Фото автора на обложке в стиле Родченко, оглушительные рекомендации от Гюнтера Грасса и Дмитрия Быкова на заднике книги, список премий молодого еще писателя: "Русский Букер", "Национальный бестселлер". Нехитрый, но безотказный рекламный набор.
В литературной моде нынче красивые и брутальные. Не интеллигентские хлюпики 60-х и не "девятирасты", как называли поколение 90-х годов. В моде реальные литературные пацаны. Прошедшие Чечню, работавшие вышибалами, побывавшие в революционерах, но не павшие, не сломавшиеся, не скатившиеся ни в декаданс, ни в "достоевщину". Веселые, стильные, но не стиляги. Крутые, но без быковства. Пьющие водку с пивом, но не испытывающие похмелья. Стилистически точные, как выстрел, говорящие правду в лицо, но не без изящества.
Всю эту ересь я говорю, разумеется, не всерьез.
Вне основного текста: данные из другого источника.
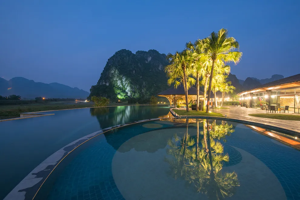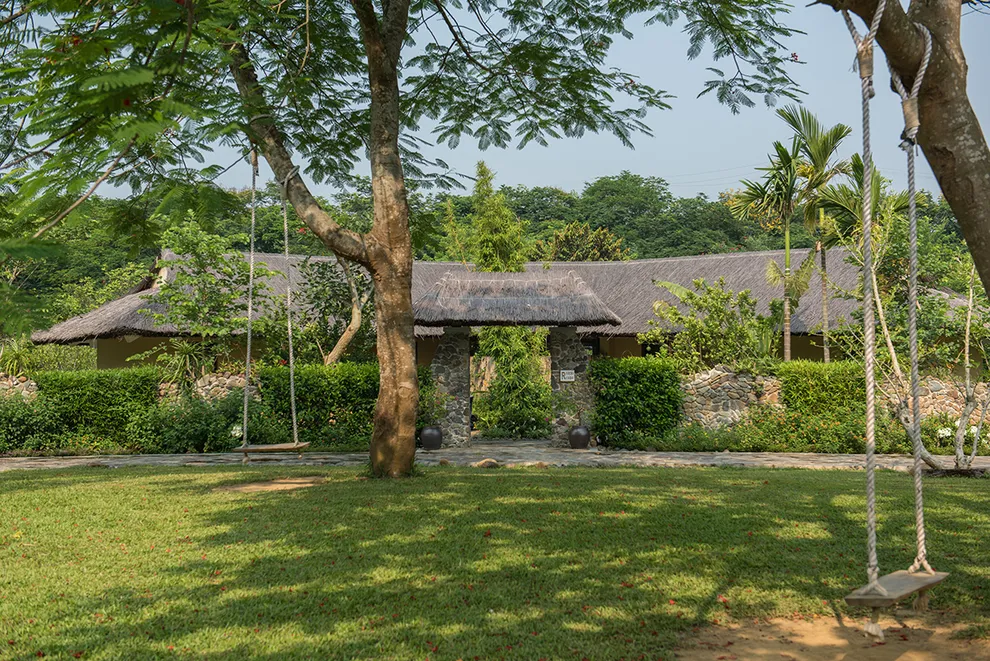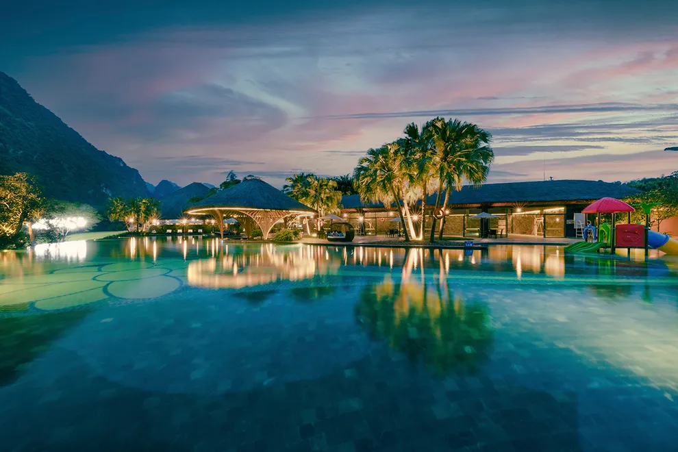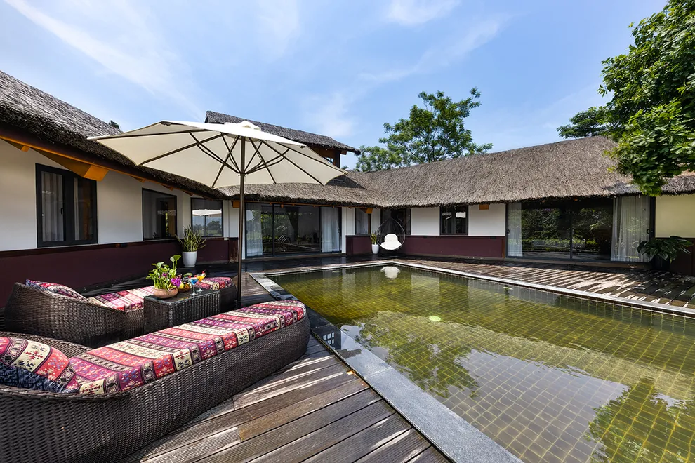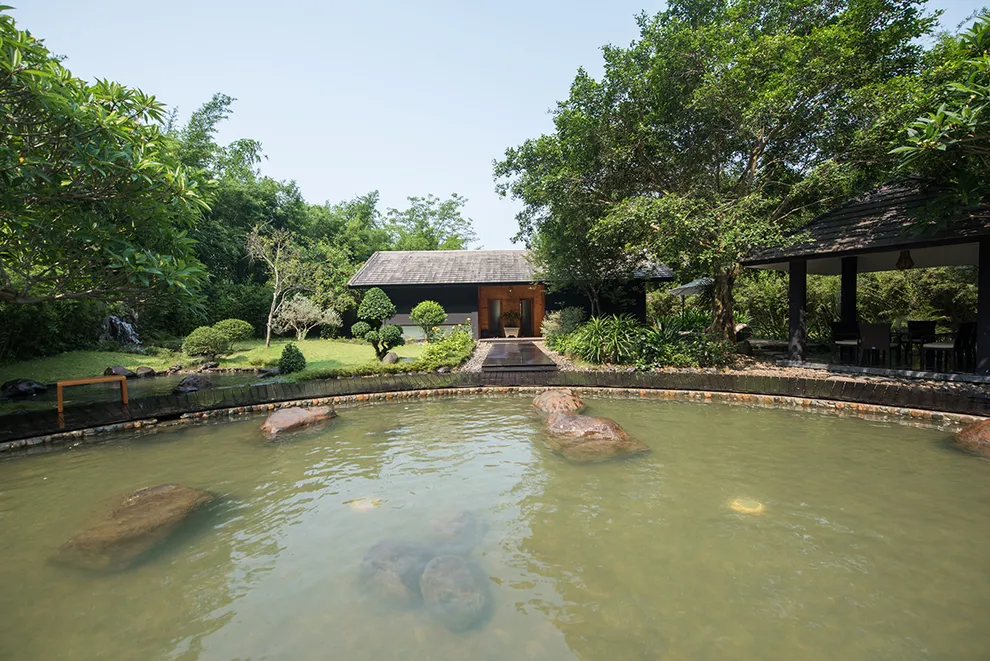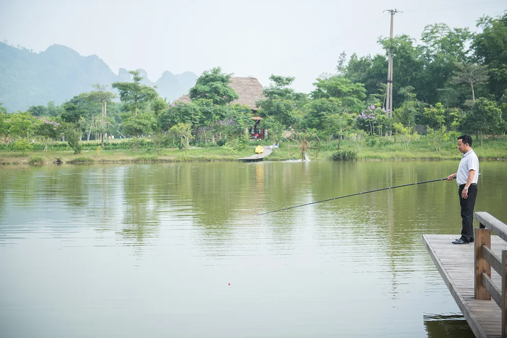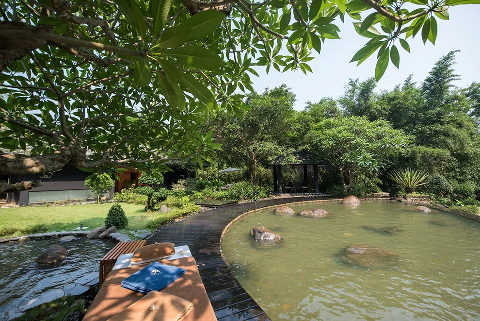 Trải nghiệm thay thế: Du khách có thể tận hưởng dòng sông Bôi hiền hòa chảy bao quanh khu nghỉ dưỡng hoặc trải nghiệm hệ thống bể bơi vô cực và hồ câu cá trong khuôn viên 30 hecta của resort.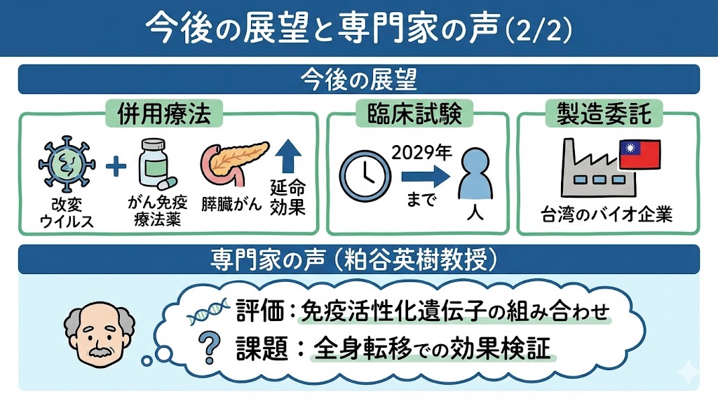 研究チームは臨床試験開始に向け、台湾のバイオ系企業へウイルス製造を委託したとのこと。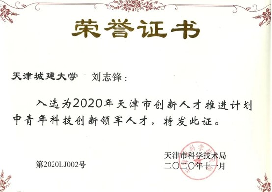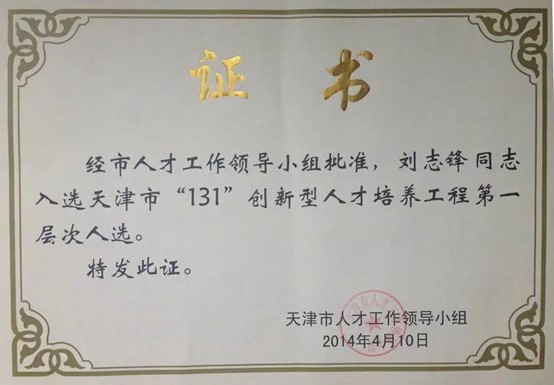 获“天津市创新人才推进计划中青年科技创新领军人才”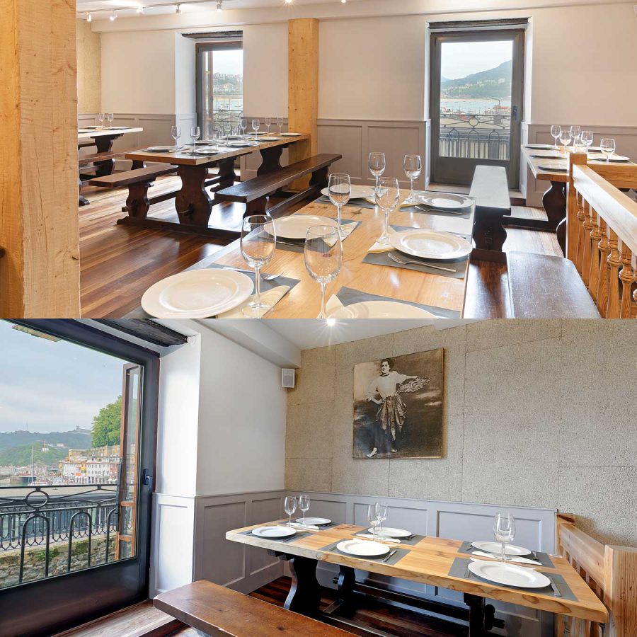 En nuestro comedor principal, con una capacidad de hasta 65 personas, podrás ver antiguas fotografías de hombres de la mar y remeros de Donostia, antaño muy populares. Unas magníficas vistas despejadas de la bahía de San Sebastián terminan de completar el encanto del salón, ideal para comidas y cenas para grupos.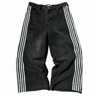 このメンズパンツは、サイドシームに特徴的なストライプを施したレトロデザインを誇ります。ゆったりとしたカットが最適な快適さを提供し、都会的なルックを演出します。明るい青または黒で利用可能で、さまざまなシーンに適応します。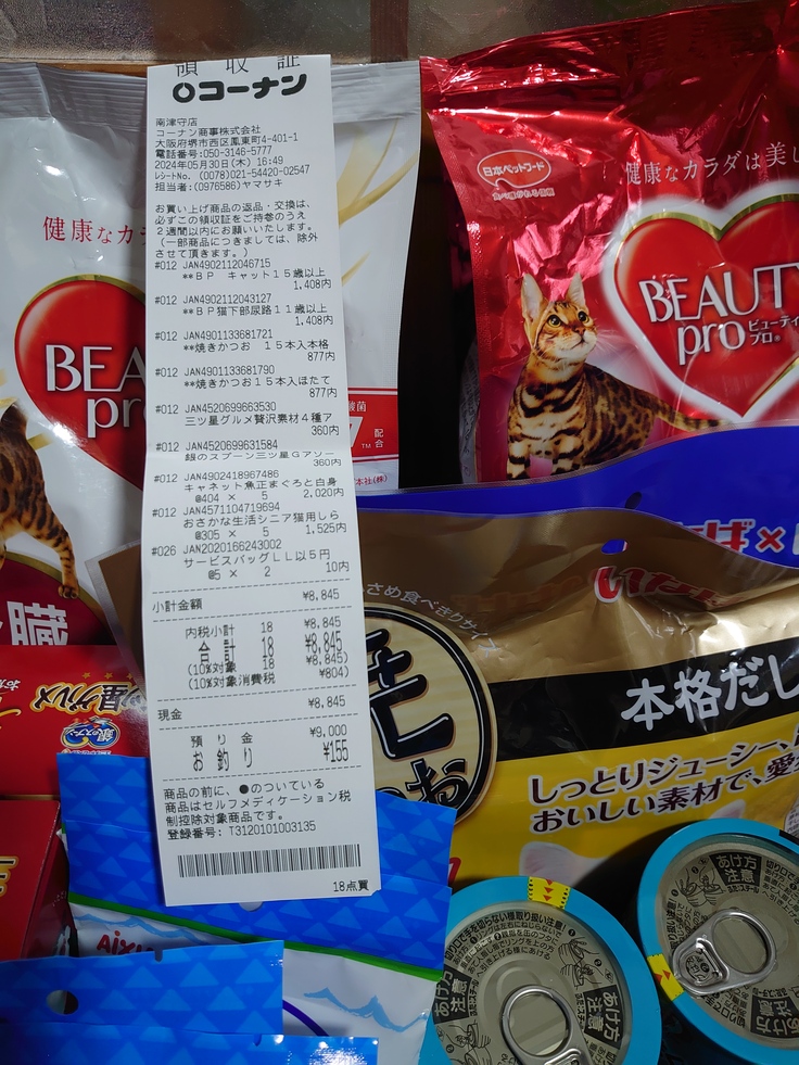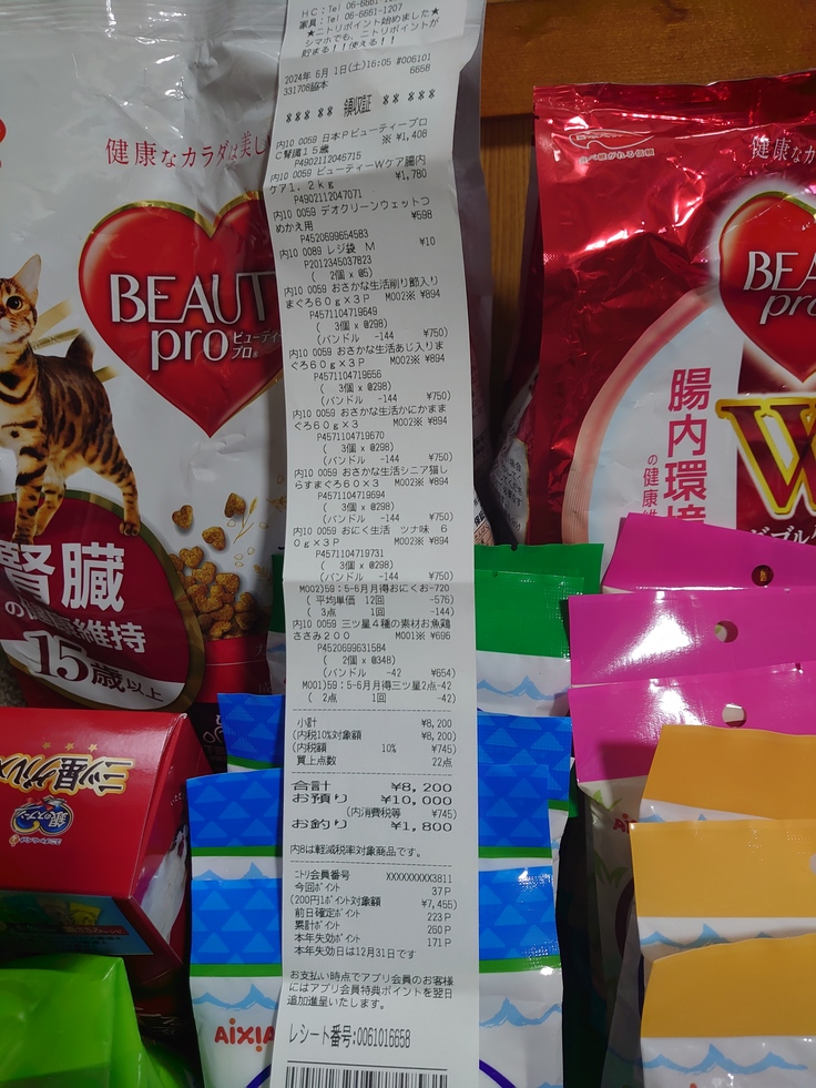 前回5月30日分のフード代8845円に本日の8200円を支援金からお支払いしました。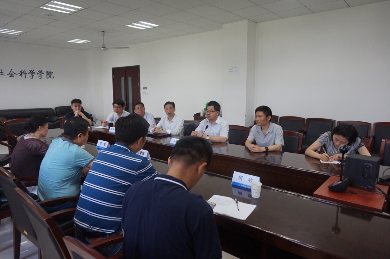 5月24日,南京市秦淮区人民法院专委方建国、民二庭庭长王辉宇、副庭长李璇、法官助理何牧一行四人访问人文学院并展开座谈。人文学院院长王建文教授主持座谈,学院党委书记刘虎、法律系黄建军副教授、王炳副教授、李宗辉副研究员、洪骥博士、熊敬博士、于焕博士参加座谈。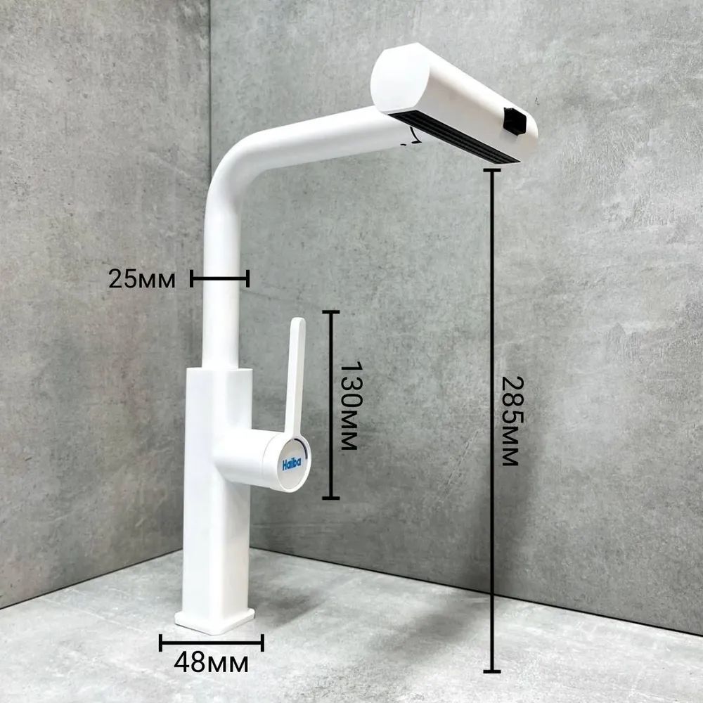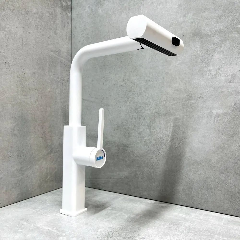 Смеситель для кухни Haiba HB73824-8 с выдвижным изливом, материал латунь, цвет белый.

Потому что если бы это было всерьез, я бы вообще о Прилепине не говорил. Но это тот образ, который сегодня возникает в связи с ним. Именно в связи с ним, потому что образ этот носится в воздухе. Этот псевдоидеал возник в результате чудовищной раскачки умов и нравов в 90-е и резкой попытки их стабилизации в начале двухтысячных. В этом перепаде общественных температур просто обязан был возникнуть образ Захара Прилепина, который обозначил бы собой связь времен и показал кузькину мать и тому, и другому времени. "Что, пацаны, хреново? Ничего, будем жить..."
Но, повторяю, все это не имело бы к литературе никакого отношения, если бы... Если бы Прилепин действительно не был так талантлив. Причем органически талантлив и вместе с тем прекрасно литературно образован. Красивых и брутальных сейчас навалом. И среди нацболов, и среди "нашистов". С внешностью у них все в порядке. С творчеством как-то плоховато.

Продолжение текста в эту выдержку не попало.